The Scarlet Lily Beetle, alias red lily or lily leaf beetle, is a European native that hitched a ride to Canada on lily bulbs in the mid 1940s. Over the decades it’s settled westward to as far as Alberta.
Feasting on all species of lilies and fritillarias, (although not daylilies), lily beetles are quickly chewing their way into Canadian gardening infamy. They’re virtuosos at decimating lily collections that have been amassed over decades in record time, devouring leaves, stems, flowers, and all.
Lily beetles spend the winter quite comfortably cuddled into your perennial bed soil. After waking up in the spring it doesn’t take long to start reproducing, with females laying up to 450 eggs a season in batches of a dozen. The yellowish orange eggs hide under lily leaves, usually tucked against the midrib.
The larva are voracious and spend a few weeks chomping lilies while covered in a pile of their own excrement (if it’s to camouflage as bird droppings, it’s very convincing). Once they’ve eaten their fill of your prize collection they drop to the ground and pupate in a cocoon of dirt and saliva. Enchanting creatures.
How to Spot It
Vigilant gardeners (as most lily-lovers are) will first notice brown, sticky frass clumping on the leaves’ undersides. Those same leaves will have the daylight chewed out of them shortly after.
The beetles themselves are an unmistakable bright red with black undersides; they’re shaped like a futuristic plant-eating robot. They can be confused with spotless ladybugs, but are more narrow and just plain mean looking than the beneficial insects.
How to Fight
While there are plenty of parasitic wasps in Europe to feed on them, lily beetles have no natural enemies in North America so our species is the only one who can stop them. As such they spread rapidly and will move quickly from ornamental plants to wild lilies, where they can do massive damage.

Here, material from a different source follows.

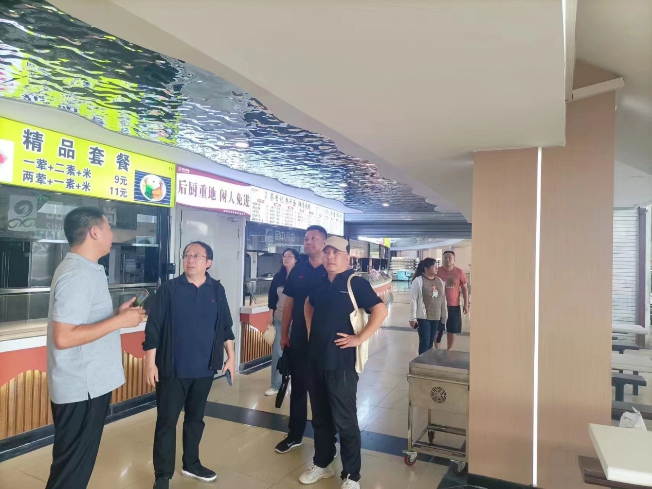 周志琦一行深入宿舍楼查看楼内设施修缮改造进度、生活基础设施配备、宿舍卫生清洁等情况;到开水房、学生食堂、洗浴中心,对学生用水安全、饮食卫生、用餐价格、洗浴条件等情况进行细致检查指导;到门岗查阅了学生返校、新生报到的安全保卫工作准备情况。他要求:开学在即,一定要用心、扎实落实各项准备工作,对检查中发现的问题和存在的安全隐患,迅速采取有效措施整改到位,全力做好服务保障等工作,为学生顺利返校学习营造平安、和谐、温馨的校园环境,确保新学期安全有序开学。

Before you plant your spring lily bulbs, inspect them for anything suspicious. This is their favourite mode of getting into your yard.
The most effective control is also the most laborious; inspect your lilies regularly and pick them off manually. If you can’t stomach crushing them, drop them in a bucket of soapy water. Sprinkling diatomaceous earth on them will dry them up but you’ll need to hit the leaves’ undersides.
If you’re persistent (to the tune of the every 5-7 days), Neem oil will kill young larvae. Potent chemicals like Malathion will work, but please think twice as lilies are favourite haunts for bees and strong chemicals could be fatal.
Be forewarned that, when threatened, lily beetles will often play dead. As you close in with your pincers, except it drop to the ground, put its legs in the air and wait for you to go away. Squish it anyway. They will also emit a high pitched squeak as you get close, which can be fairly unnerving.